Only the lines from the one with "REALLY TOPS!! Those" through the end of the data below belong in the answer, restated word for word, pictures excluded.
(Data records begins)
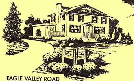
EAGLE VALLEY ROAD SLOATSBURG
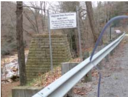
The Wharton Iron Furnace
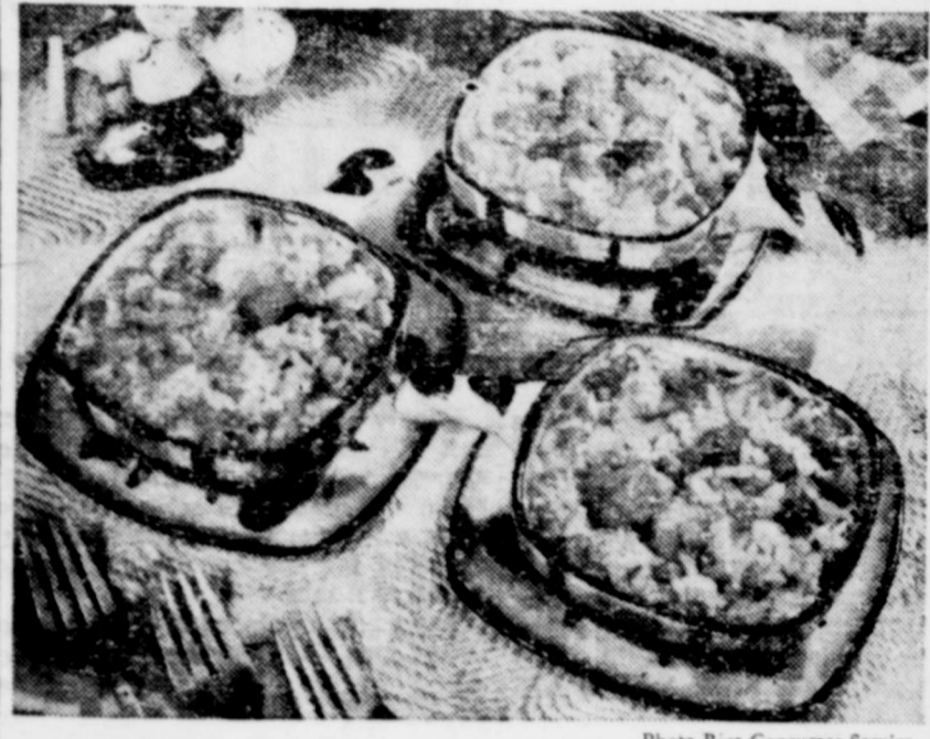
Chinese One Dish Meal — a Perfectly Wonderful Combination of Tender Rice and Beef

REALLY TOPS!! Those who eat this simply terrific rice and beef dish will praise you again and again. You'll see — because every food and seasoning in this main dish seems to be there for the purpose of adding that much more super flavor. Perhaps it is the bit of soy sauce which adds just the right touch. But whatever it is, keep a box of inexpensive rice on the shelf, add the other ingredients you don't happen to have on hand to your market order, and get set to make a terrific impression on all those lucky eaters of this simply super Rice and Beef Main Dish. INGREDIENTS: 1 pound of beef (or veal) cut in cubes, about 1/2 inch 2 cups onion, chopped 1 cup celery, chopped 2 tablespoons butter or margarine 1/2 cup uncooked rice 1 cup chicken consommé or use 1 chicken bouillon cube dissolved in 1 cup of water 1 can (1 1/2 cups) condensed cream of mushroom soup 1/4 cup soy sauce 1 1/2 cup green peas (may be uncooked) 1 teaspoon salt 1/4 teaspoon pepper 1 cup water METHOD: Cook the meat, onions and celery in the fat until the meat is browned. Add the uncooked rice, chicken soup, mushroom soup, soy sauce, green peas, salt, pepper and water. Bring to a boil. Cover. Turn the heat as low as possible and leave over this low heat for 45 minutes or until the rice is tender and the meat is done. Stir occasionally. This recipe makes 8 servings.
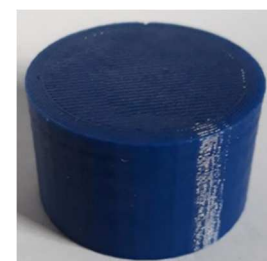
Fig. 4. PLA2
(Data records ends)
## Exercise result
REALLY TOPS!! Those who eat this simply terrific rice and beef dish will praise you again and again. You'll see — because every food and seasoning in this main dish seems to be there for the purpose of adding that much more super flavor. Perhaps it is the bit of soy sauce which adds just the right touch. But whatever it is, keep a box of inexpensive rice on the shelf, add the other ingredients you don't happen to have on hand to your market order, and get set to make a terrific impression on all those lucky eaters of this simply super Rice and Beef Main Dish. INGREDIENTS: 1 pound of beef (or veal) cut in cubes, about 1/2 inch 2 cups onion, chopped 1 cup celery, chopped 2 tablespoons butter or margarine 1/2 cup uncooked rice 1 cup chicken consommé or use 1 chicken bouillon cube dissolved in 1 cup of water 1 can (1 1/2 cups) condensed cream of mushroom soup 1/4 cup soy sauce 1 1/2 cup green peas (may be uncooked) 1 teaspoon salt 1/4 teaspoon pepper 1 cup water METHOD: Cook the meat, onions and celery in the fat until the meat is browned. Add the uncooked rice, chicken soup, mushroom soup, soy sauce, green peas, salt, pepper and water. Bring to a boil. Cover. Turn the heat as low as possible and leave over this low heat for 45 minutes or until the rice is tender and the meat is done. Stir occasionally. This recipe makes 8 servings.
Fig. 4. PLA2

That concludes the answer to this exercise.